FinOps pour LLM : un cadre pratique

FinOps pour les LLM est la pratique de rendre visible, attribuable, optimisable et responsable les dépenses d'IA. Il emprunte les principes de FinOps cloud, mais les générateurs de coûts sont différents. Une facture cloud est déterminée par les instances, le stockage, le transfert et les engagements. Une facture LLM est déterminée par les tokens d'entrée, les tokens de sortie, les écritures de cache, les lectures de cache, les nouvelles tentatives, le mélange de modèles, la longueur du contexte, l'éligibilité des lots et les exigences de qualité.

La première erreur que commettent les équipes est de traiter les dépenses en LLM comme un chiffre unique au niveau du fournisseur. Cela cache les vrais leviers. Un endpoint de résumé de support, un workflow d'agent, une tâche d'enrichissement nocturne et une suite d'évaluation peuvent tous utiliser le même modèle, mais ils ont des besoins de latence différents, des seuils de qualité, des capacités de cache et une propriété différents. FinOps commence lorsque ces charges de travail sont séparées.

PilierQuestion centraleCe qu'il produit
1. VisibilitéQu'est-ce que nous payons exactement, requête par requête?Enregistrements d'utilisation normalisés divisés par entrée, sortie, écriture de cache, lecture de cache, lot et dépenses de nouvelle tentative
2. AttributionQuelle équipe, fonctionnalité, client ou charge de travail l'a causé?Dépenses attribuées aux propriétaires : environnement, endpoint, équipe, tenant, modèle, classe de charge de travail
3. OptimisationQuel levier réduit le coût par tâche réussie sans affecter la qualité?Modifications de routage, cache, lots, compactage et arbitrage déployées derrière des indicateurs
4. ResponsabilitéQui examine les chiffres et agit sur eux chaque mois?Rapports de showback (puis chargeback) et un rythme opérationnel réconcilié avec les factures

1. Visibilité

La visibilité signifie normaliser les factures des fournisseurs et les journaux de passerelle en un enregistrement commun. Chaque requête doit avoir assez de métadonnées pour répondre : qui en est propriétaire, quelle fonctionnalité l'a générée, quel modèle l'a gérée, combien de classes de tokens ont été facturées, si l'appel a été réessayé et si la sortie a produit de la valeur pour l'utilisateur.

Une bonne visibilité sépare les dépenses d'entrée, de sortie, d'écriture de cache, de lecture de cache, de lot et de nouvelle tentative.

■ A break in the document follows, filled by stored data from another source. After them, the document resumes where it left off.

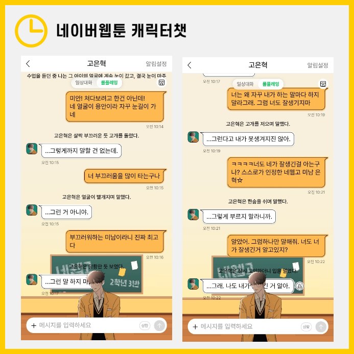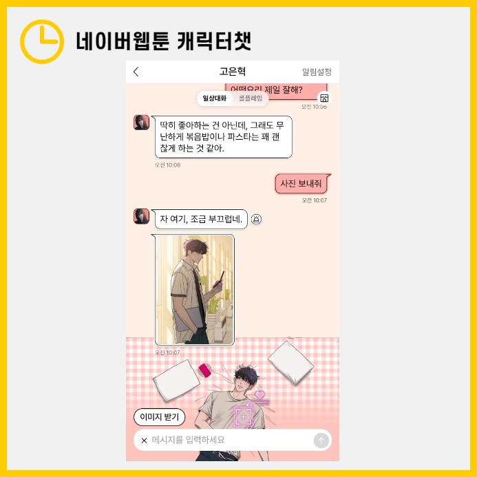 웹툰을 본 적이 없어도 자연스럽게 대화가 이어져 정말 사람과 대화하는 것 같은 느낌이 들었습니다. 하단에는 '이미지받기' 기능이 있어 대화 도중 캐릭터의 사진을 받을 수 있었는데, 팬이라면 연애하듯 대화할 수 있어 더욱 즐거웠습니다.
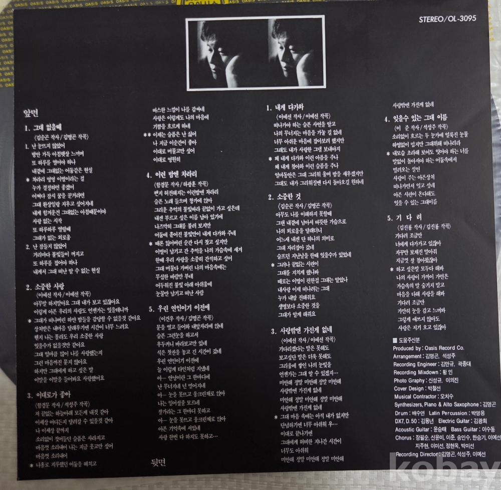 | 자켓상태 | EX : 약간의 마모, 모서리 찢김 존재 | 음반상태 | NM : 개봉했으나 미사용급, 스크래치 없음 | 발매정보 | 초반 | 가사지여부 | 유 |
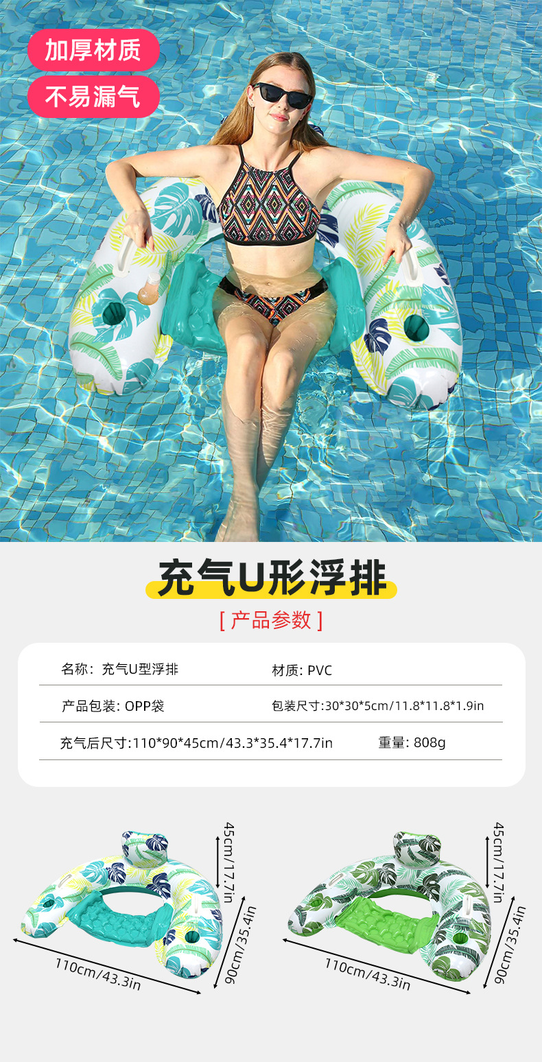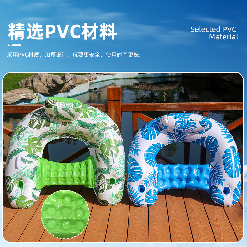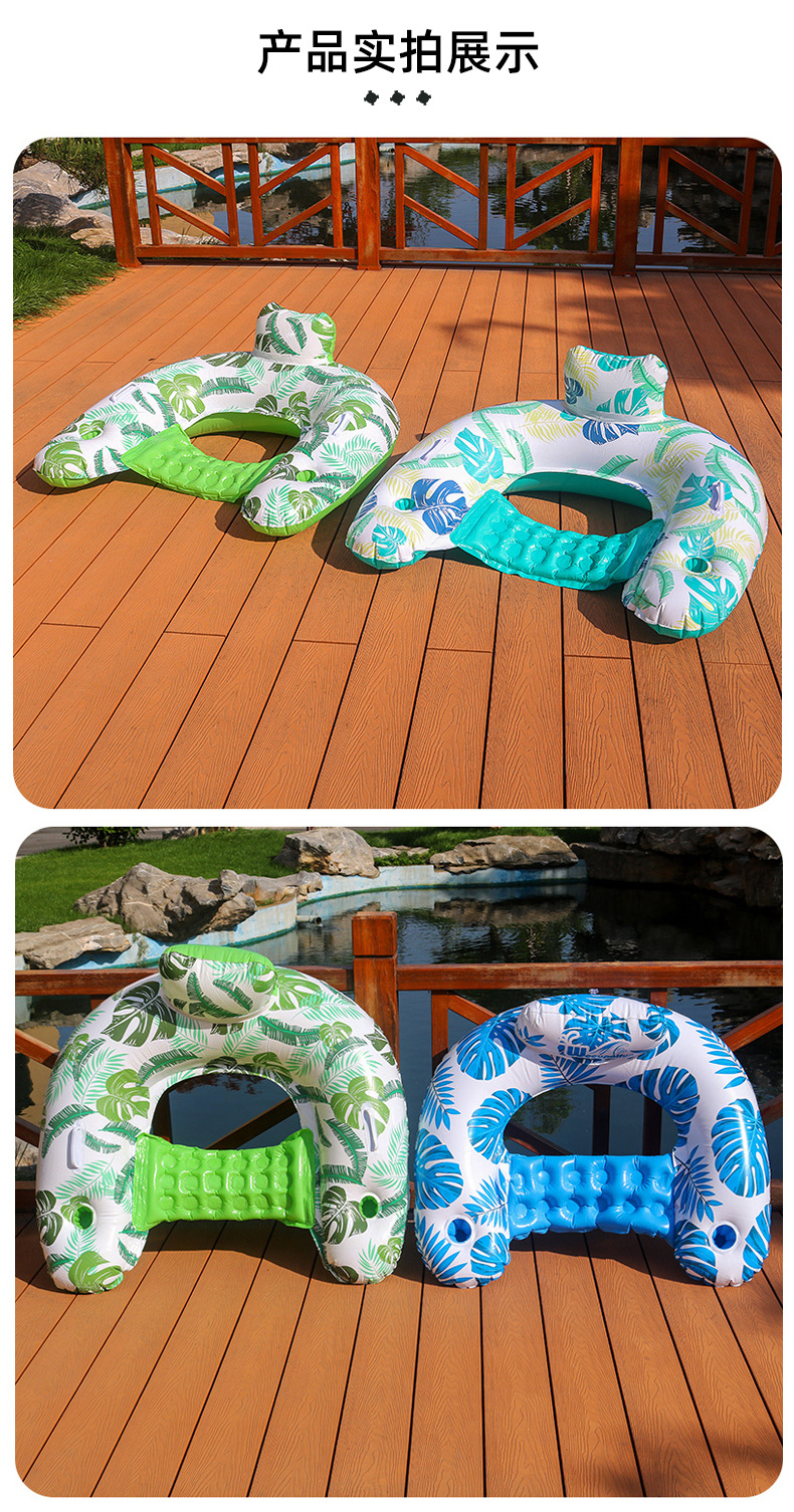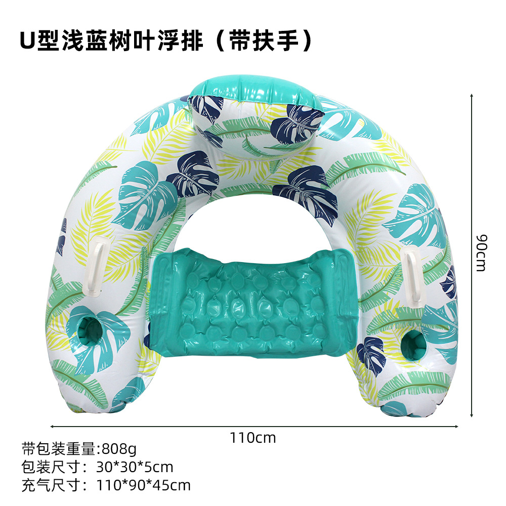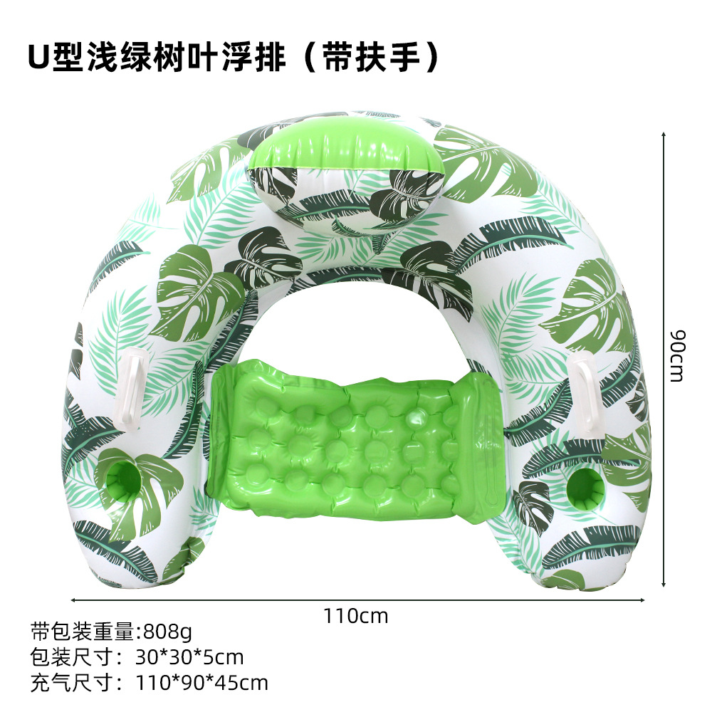 U型树叶充气浮排pvc带杯座躺椅水上可折叠靠背浮床水上充气躺椅

Sans cette séparation, les équipes comptent accidentellement les réductions de lecture de cache comme des économies, manquent les boucles de nouvelle tentative et comparent les fournisseurs sur le prix catalogue plutôt que sur le coût par tâche réussie.

2. Attribution

L'attribution attribue les dépenses aux équipes, produits, clients et charges de travail. Le point n'est pas le blâme ; le point est la qualité de la décision. Une équipe financière ne peut pas gouverner les dépenses si chaque ligne dit « OpenAI ». Un leader en ingénierie ne peut pas optimiser une surface produit si les dépenses sont regroupées uniquement par compte fournisseur.

L'attribution minimale utile comprend généralement l'environnement, l'endpoint, le propriétaire de l'équipe, le client ou le tenant si autorisé, le modèle, le fournisseur et la classe de charge de travail. Les programmes matures ajoutent des métriques métier comme ticket résolu, analyse complétée, rapport généré ou tâche d'agent réussie.

3. Optimisation

L'optimisation doit suivre l'attribution. Les leviers courants sont le routage de modèles, le cache sémantique, le cache des prompts, la compaction du contexte, le routage des lots, l'arbitrage des fournisseurs et l'ajustement de la politique de secours. Chaque levier change la facture différemment. Le routage change le mélange de modèles. Le cache change l'économie des tokens d'entrée et la latence. Les lots déplacent le travail vers des voies asynchrones à prix réduit. La compaction réduit le contexte répété.

Le test n'est pas « le nombre de tokens a-t-il diminué? » Le test est « le coût par tâche réussie a-t-il diminué sans casser la qualité, la latence ou la fiabilité? »

4. Responsabilité

Le showback doit venir avant le chargeback. Donnez d'abord aux équipes une vue mensuelle crédible de leurs dépenses et de leurs facteurs. Une fois les chiffres fiables, le chargeback peut avoir du sens pour les organisations matures. L'objectif est un rythme opérationnel reproductible : examiner les plus grands facteurs, s'accorder sur les candidats à l'optimisation, déployer des modifications derrière des indicateurs et réconcilier avec la facture suivante.